[Data extracted from a collection]
━━━━

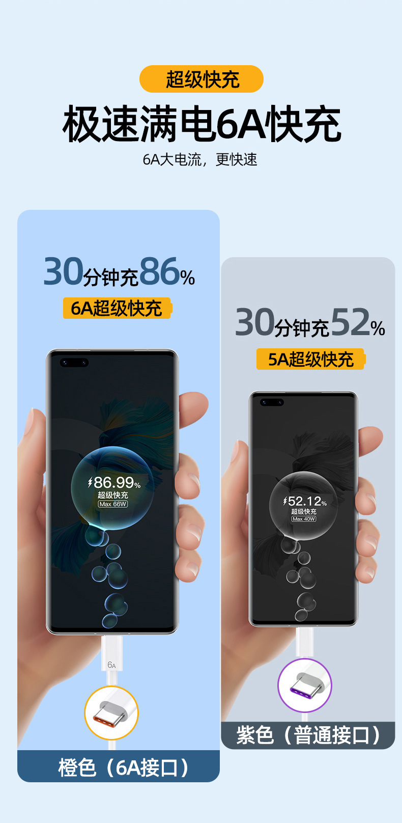 6A 데이터 라인 유형-c는 화웨이 데이터 라인 슈퍼 고속 충전 라인 USB 휴대 전화 충전 라인 화웨이 고속 충전에 적합합니다.스토어 가기
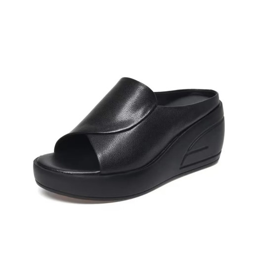 ЧЕРНЫЕ КОЖАНЫЕ ТАПОЧКИ НА ПЛАТФОРМЕ ALLADIES* AS8204
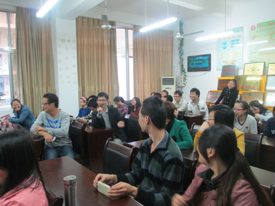 座谈会分两部分进行。第一部分在砺志楼114会议室,主要以“交流合作、主动与被动、自信”等话题展开,然后由大家积极参与讨论,踊跃发言,畅谈心得,进行自我思考和反思。第二部分在室外,大家围坐一圈,聊聊各自的学习与生活,还有同学献上动听的歌曲。整个活动气氛十分热烈和融洽。
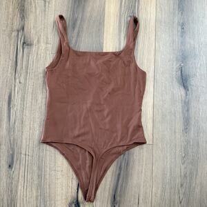 Babaton Aritizia Square Neck Contour Bodysuit Size Large One-Piece Coffee Brown
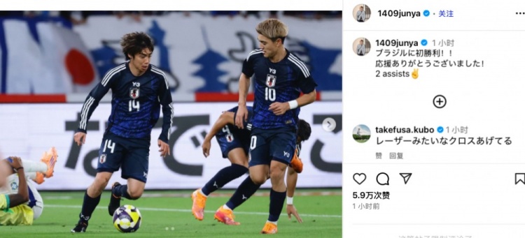 久保建英、三笘薰、长友佑都为这条社媒点赞,久保建英还评论道:“你的传中如激光般精准。”
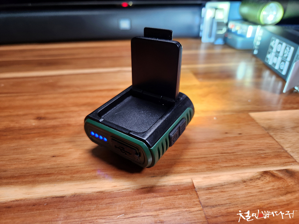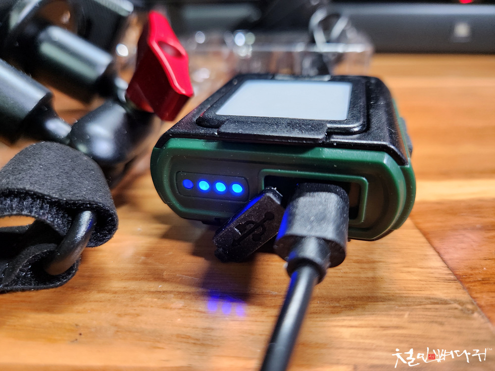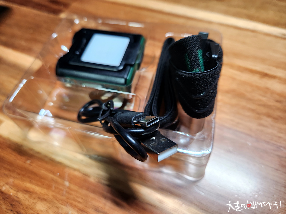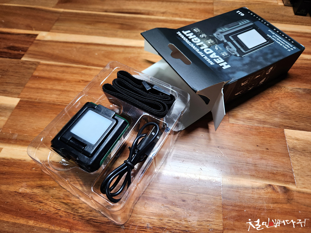구성품으로 헤드랜턴 밴드와 USB-C충전케이블
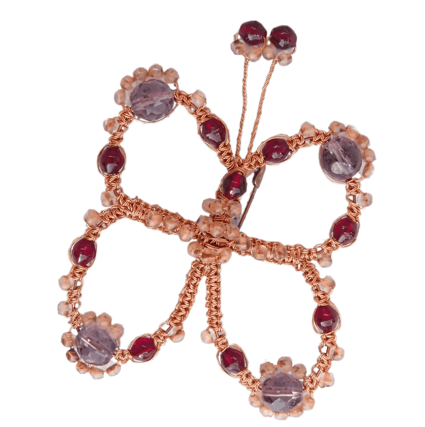 Drátkovaná motýlí brož s velkými fialovými korálky
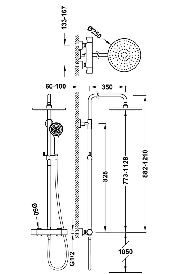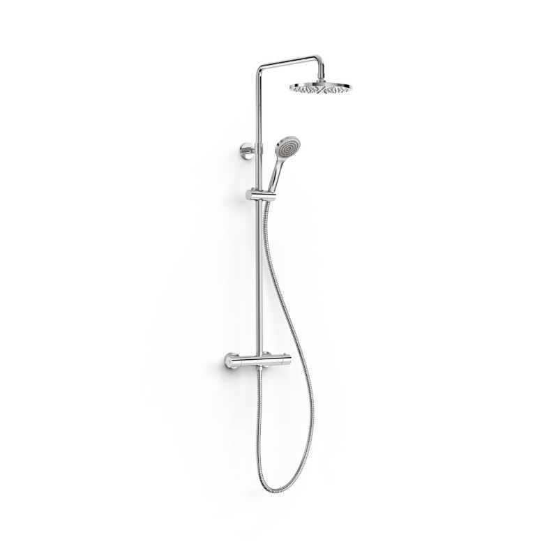 Conjunto de grifo termostático mural de 2 vías para ducha cromo de TRES. Incluye inversor integrado en regulador, barra telescópica, rociador orientable de Ø 250 mm y ducha de mano anticalcárea de Ø 100 mm. Acabado cromo y cuerpo de latón bajo en plomo. Caudal de 12 l/min.
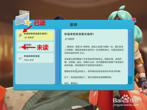 所有收取的信件都出现在这里,左侧点击信件名称右侧阅读详细内容。
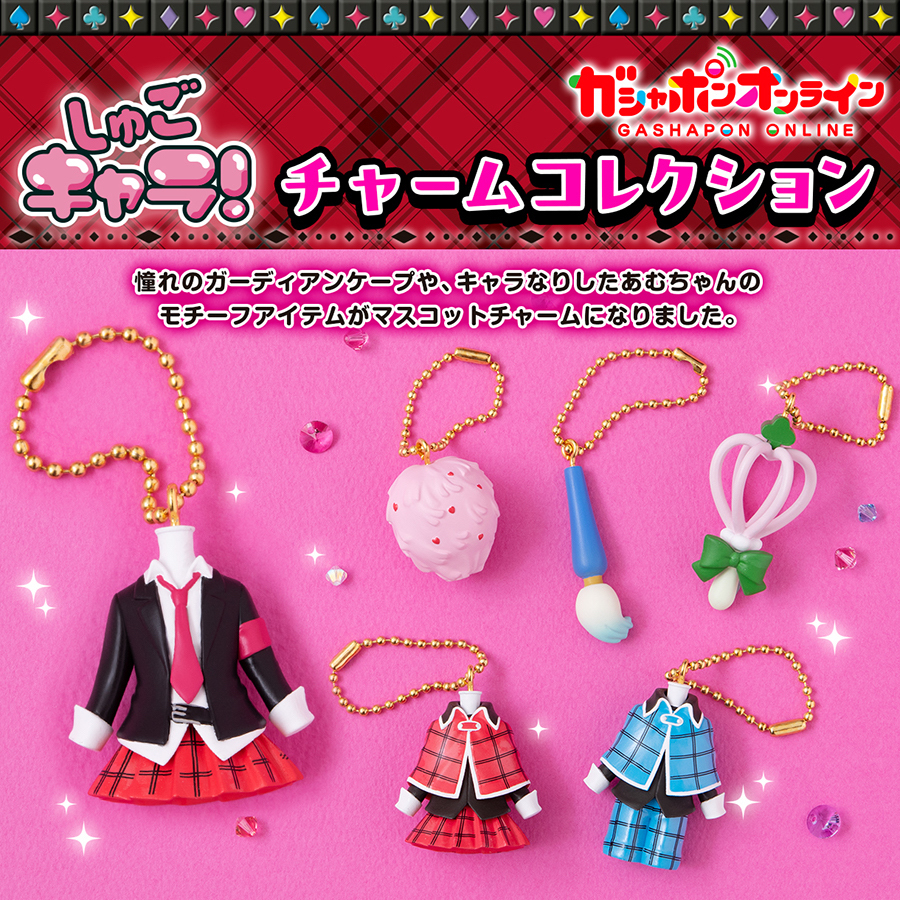 本次的「守護甜心!吊飾收藏」將作品中的多個代表物件製作為小吊飾,收錄亞夢與小蘭甜心出擊「Amulet Heart」(淨惡之心)型態時拿的粉色彩球、與米奇甜心出擊「Amulet Spade」(淨惡之筆)型態時拿的畫筆、與舒舒甜心出擊「Amulet Clover」(淨惡幸運草)型態時拿的攪拌棒、亞夢的制服、以及男女各一款的守護之星制服共六種款式,可以依各位玩具人的喜好將吊飾串連擺設,展示自己對於守護甜心的喜愛!
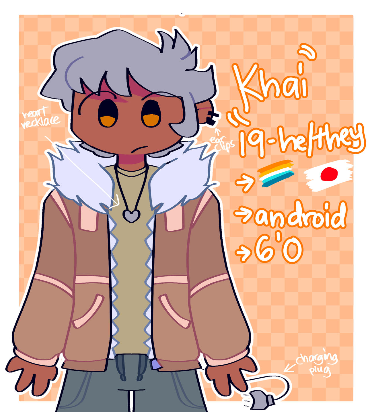 age: 19sexuality/gender: aroace / assigned maleheight/species: 6'0 / androidpronouns: any pronounspersonality: extremely shy, but kind. silent (emotionless??)backstory: He remembers nothing of his past. He only knows that his voice got broken.current status: Currently Khai is off searching for his lost memories and his purpose. He's too skilled at anything to know, cooking is his experience. He's had difficulties with talking, rarely even talking. If you can, you'll get to hear him say short phrases. He likes reading books about birds at green parks. He usually avoids people, but he isn't rude to them, but he can be kind when he sees you with "no harm". He believes that "actions can speak louder than words". He does favor a few things. The sound of soothing crispy bread that he likes to eat. He also has a camera on which he takes random pictures of strangers having fun. He sometimes study human life but thats not his main thing. He often bumps into Renz and Ryan, they usually keep Khai from feeling lonely, and they're doing a pretty good job at it, he trusts those two alot.
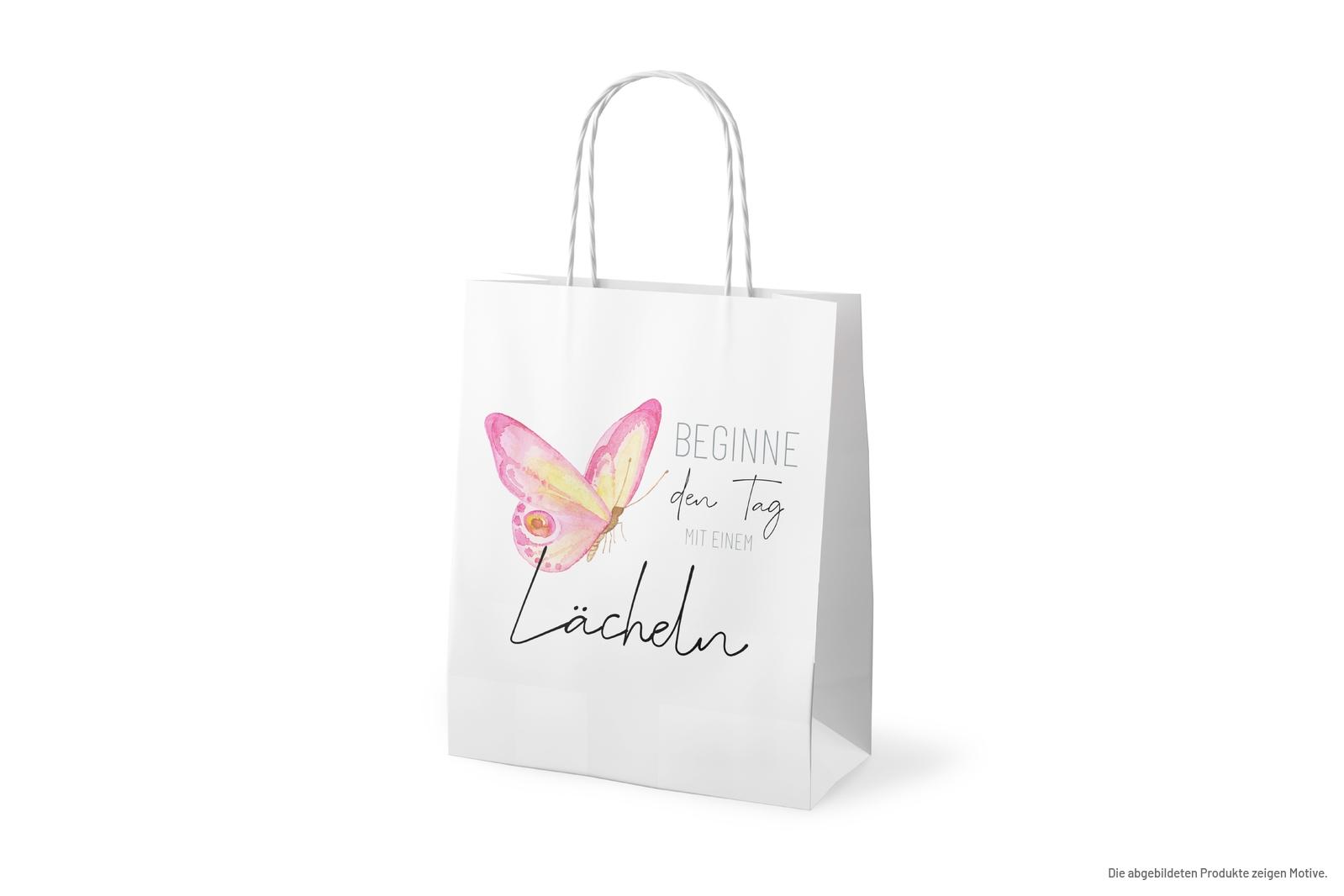 Ein schöner Schriftzug auf weißem Grund “Beginne den Tag mit einem Lächeln” und ein schöner pinker Schmetterling vervollständigen diese wunderschöne Geschenktüte.

━━━━

Would you please write out the entries in full, exactly as they read, but without pictures?

 6A 데이터 라인 유형-c는 화웨이 데이터 라인 슈퍼 고속 충전 라인 USB 휴대 전화 충전 라인 화웨이 고속 충전에 적합합니다.스토어 가기
 ЧЕРНЫЕ КОЖАНЫЕ ТАПОЧКИ НА ПЛАТФОРМЕ ALLADIES* AS8204
 座谈会分两部分进行。第一部分在砺志楼114会议室,主要以“交流合作、主动与被动、自信”等话题展开,然后由大家积极参与讨论,踊跃发言,畅谈心得,进行自我思考和反思。第二部分在室外,大家围坐一圈,聊聊各自的学习与生活,还有同学献上动听的歌曲。整个活动气氛十分热烈和融洽。
 Babaton Aritizia Square Neck Contour Bodysuit Size Large One-Piece Coffee Brown
 久保建英、三笘薰、长友佑都为这条社媒点赞,久保建英还评论道:“你的传中如激光般精准。”
구성품으로 헤드랜턴 밴드와 USB-C충전케이블
 Drátkovaná motýlí brož s velkými fialovými korálky
 Conjunto de grifo termostático mural de 2 vías para ducha cromo de TRES. Incluye inversor integrado en regulador, barra telescópica, rociador orientable de Ø 250 mm y ducha de mano anticalcárea de Ø 100 mm. Acabado cromo y cuerpo de latón bajo en plomo. Caudal de 12 l/min.
 所有收取的信件都出现在这里,左侧点击信件名称右侧阅读详细内容。
 本次的「守護甜心!吊飾收藏」將作品中的多個代表物件製作為小吊飾,收錄亞夢與小蘭甜心出擊「Amulet Heart」(淨惡之心)型態時拿的粉色彩球、與米奇甜心出擊「Amulet Spade」(淨惡之筆)型態時拿的畫筆、與舒舒甜心出擊「Amulet Clover」(淨惡幸運草)型態時拿的攪拌棒、亞夢的制服、以及男女各一款的守護之星制服共六種款式,可以依各位玩具人的喜好將吊飾串連擺設,展示自己對於守護甜心的喜愛!
 age: 19sexuality/gender: aroace / assigned maleheight/species: 6'0 / androidpronouns: any pronounspersonality: extremely shy, but kind. silent (emotionless??)backstory: He remembers nothing of his past. He only knows that his voice got broken.current status: Currently Khai is off searching for his lost memories and his purpose. He's too skilled at anything to know, cooking is his experience. He's had difficulties with talking, rarely even talking. If you can, you'll get to hear him say short phrases. He likes reading books about birds at green parks. He usually avoids people, but he isn't rude to them, but he can be kind when he sees you with "no harm". He believes that "actions can speak louder than words". He does favor a few things. The sound of soothing crispy bread that he likes to eat. He also has a camera on which he takes random pictures of strangers having fun. He sometimes study human life but thats not his main thing. He often bumps into Renz and Ryan, they usually keep Khai from feeling lonely, and they're doing a pretty good job at it, he trusts those two alot.
 Ein schöner Schriftzug auf weißem Grund “Beginne den Tag mit einem Lächeln” und ein schöner pinker Schmetterling vervollständigen diese wunderschöne Geschenktüte.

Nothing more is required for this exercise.